2. The authorities have revised their growth projection for 2005 to 5 percent from 4 percent previously, on account of a more rapid than expected pick up in construction activity. However, tourism outcomes remain weak—data through end-September indicate a 5.5 percent decline in stayover arrivals by air relative to the same period of 2004—and staff's GDP projection remains unchanged relative to the staff report.

3. Inflation has risen following the recent increases in domestic petroleum prices. The CPI increased by 2.2 percent in the 12 months ending October 2005. The increase in the CPI excluding accommodation was 4.3 percent.

Policy Developments

4. Additional information on the authorities' policy agenda for 2006 has been provided in the context of the Throne Speech (delivered on November 18) and the Budget Speech (delivered on November 30). The 2006 Budget is now being debated in Parliament.

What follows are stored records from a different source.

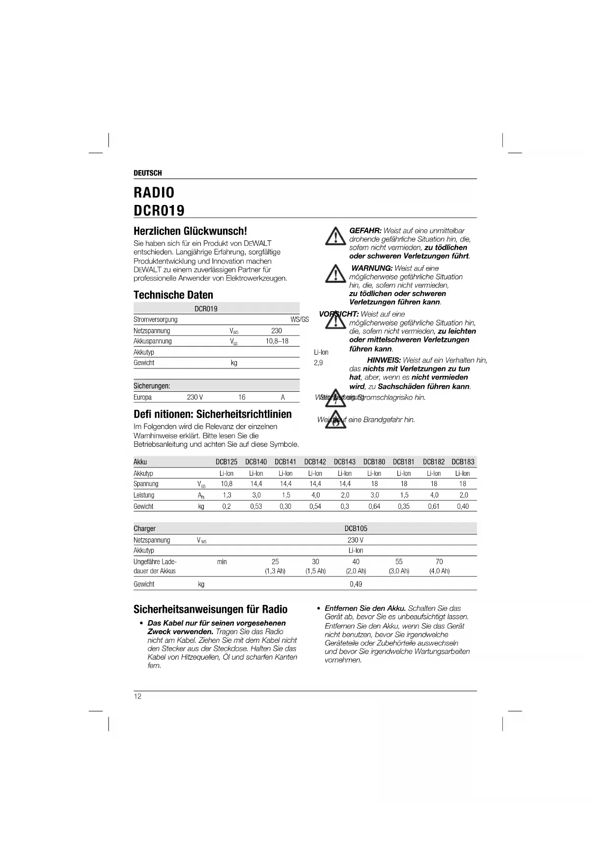 - Produktet returneres komplet med alle originale komponenter; Hvis du ønsker at reklamere, kontakt din forhandler eller find adressen på12 DEUTSCH RADIO DCR019 GEFAHR: Weist auf eine unmittelbar drohende gefährliche Situation hin, die, sofern nicht vermieden, zu tödlichen oder schweren Verletzungen führt. WARNUNG: Weist auf eine möglicherweise gefährliche Situation hin, die, sofern nicht vermieden, zu tödlichen oder schweren Verletzungen führen kann. VORSICHT: Weist auf eine möglicherweise gefährliche Situation hin, die, sofern nicht vermieden, zu leichten oder mittelschweren Verletzungen führen kann. HINWEIS: Weist auf ein Verhalten hin, das nichts mit Verletzungen zu tun hat, aber, wenn es nicht vermieden wird, zu Sachschäden führen kann. Weist auf ein Stromschlagrisiko hin. Weist auf eine Brandgefahr hin. Herzlichen Glückwunsch! Sie haben sich für ein Produkt von DEWALT entschieden. Langjährige Erfahrung, sorgfältige Produktentwicklung und Innovation machen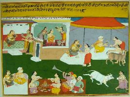| Description / विवरण | Miniature painting based on Krishna avatar charit depicting, Yashoda taking a bath at the top right to its left. Yashoda with Krishna on lap giving aim to Brahman and Nand ji giving low to Brahman. At the lower portion, Yashoda with Krishna on his lap and Nand ji performing a yagna with some musician. |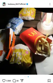 ハッシュタグには「ootd(=今日のコーデ)」「マック」と添え、「期間限定なんて言わないでくれ。」とファストフード大手マクドナルドの“チーズてりたま”が期間限定でしか手に入らないことを嘆くコメントも投稿。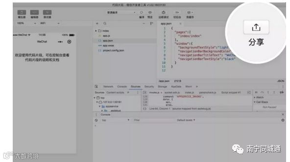 此外,开发者工具新增了“代码片段”功能。代码片段是一种可分享的小程序项目,开发者可以生成项目链接让他人在开发者工具中导入和运行小程序代码,便于开发者之间分享小程序开发经验、学习小程序教程、反馈 bug 等。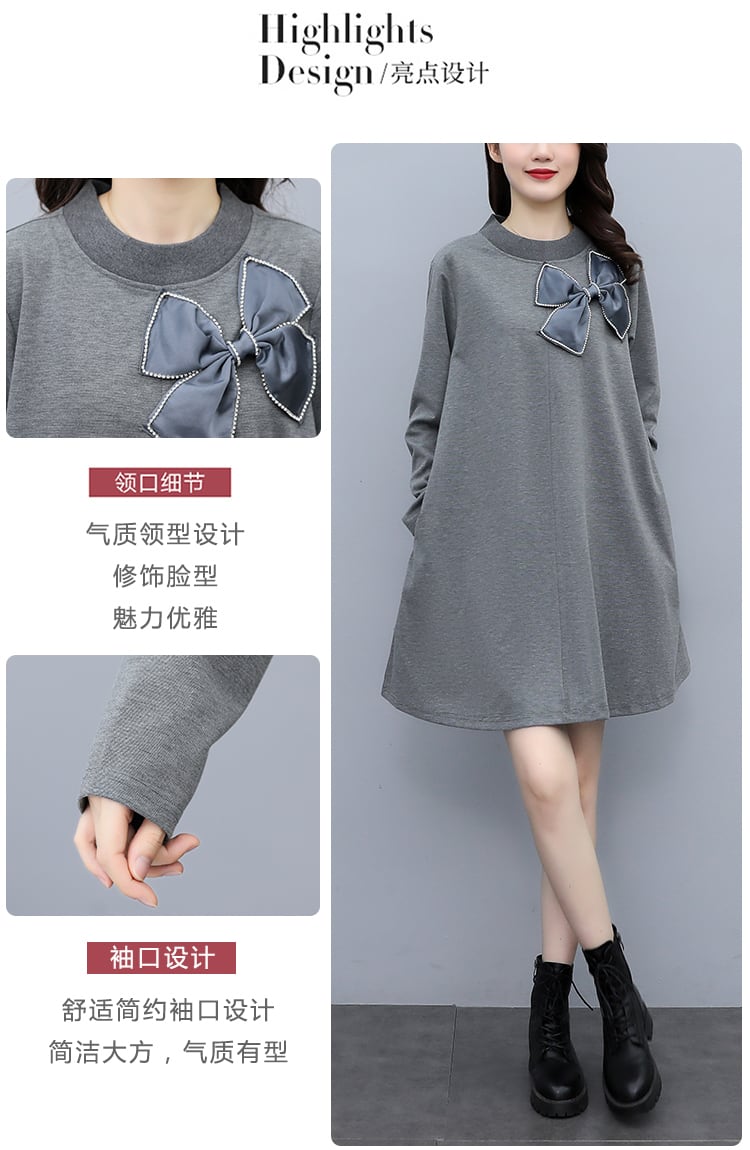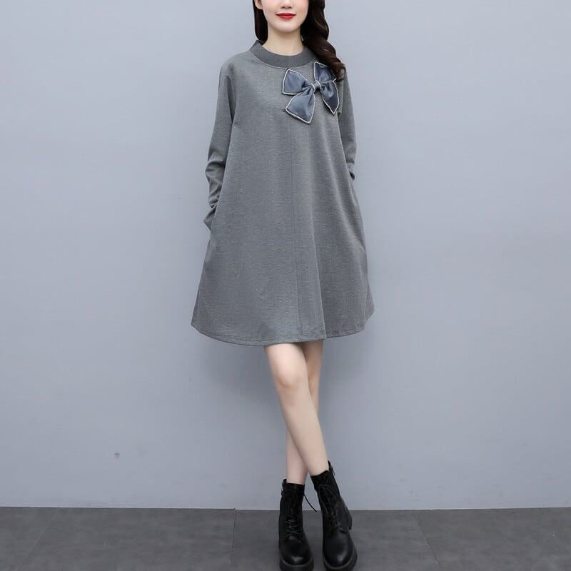 リボンスカート オータム薄手ドレス ロング 大きめサイズ 秋物 muto41523331159
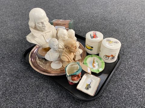 A tray containing eight resin and chalk busts depicting philosophers and Shakespeare, composers, character jug, hand painted Maling ashtray depicting a pheasant etc
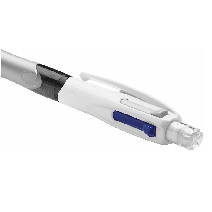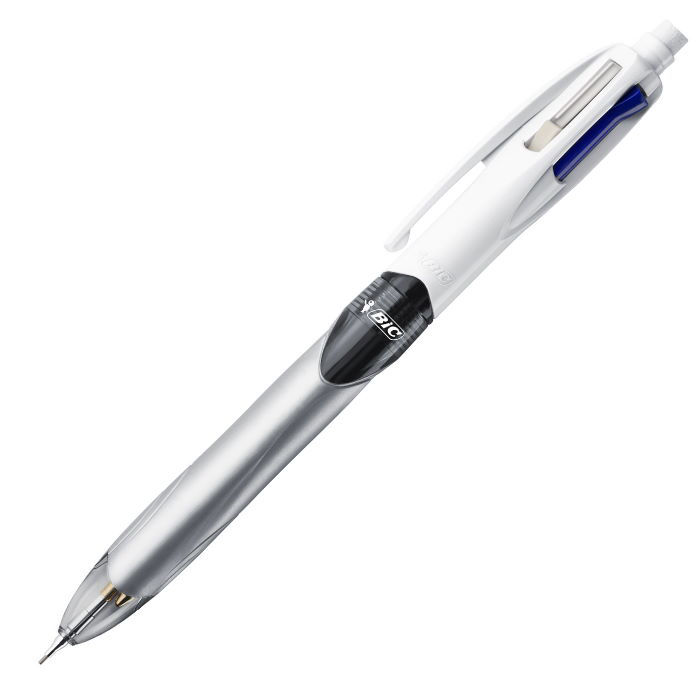 Στυλό από την BIC με μελάνι διαρκείας με 3 χρώματα! κόκκινο, μπλε, μαύρο και ένα μολύβι με μύτη πάχους 0,7 mm.. Διαθέτει μηχανισμό προώθησης και ανάκλησης με διαφορετική επιλογή για κάθε μελάνι.

Key policy commitments—which are broadly in line with information provided in the staff report—include:

  • The Antigua and Barbuda Sales Tax is to be introduced in the second quarter of 2006, replacing a number of existing taxes but projected to generate additional revenue of around 1½ percent of GDP in 2006.

  • A modern Property Tax is to be effective on January 1, 2006. Following an audit conducted during 2005, the number of properties included in the property tax registry has increased by 75 percent.

  • Petroleum products are to be priced in line with the common approach to achieving increased flexibility being developed throughout the ECCU.

  • A voluntary severance scheme for civil servants has been announced, with applications due by February 28, 2006. The package includes a lump-sum payment based on years of service plus grants for training.

  • Spending on the school meals program will be limited to EC$5 million, by targeting the program to nine primary schools in 2006.

  • The public sector debt stock is to be reduced to less than 80 percent of GDP by end-2007, compared to 105 percent of GDP at end-2005.

  • Amendments to the Labor Code and Industrial Court Act are under preparation to provide a better balance between the rights and obligations of employees and employers, reasonable recognition of long service by employees, and to respond to the need for a regulatory climate conducive to investment and business viability.

  • Liberalization of the telecommunications sector to ensure competition and support development of the IT service sector and the transition to e-Government. The removal of the monopoly operating license on providing landline international calls has been announced, effective January 1, 2006.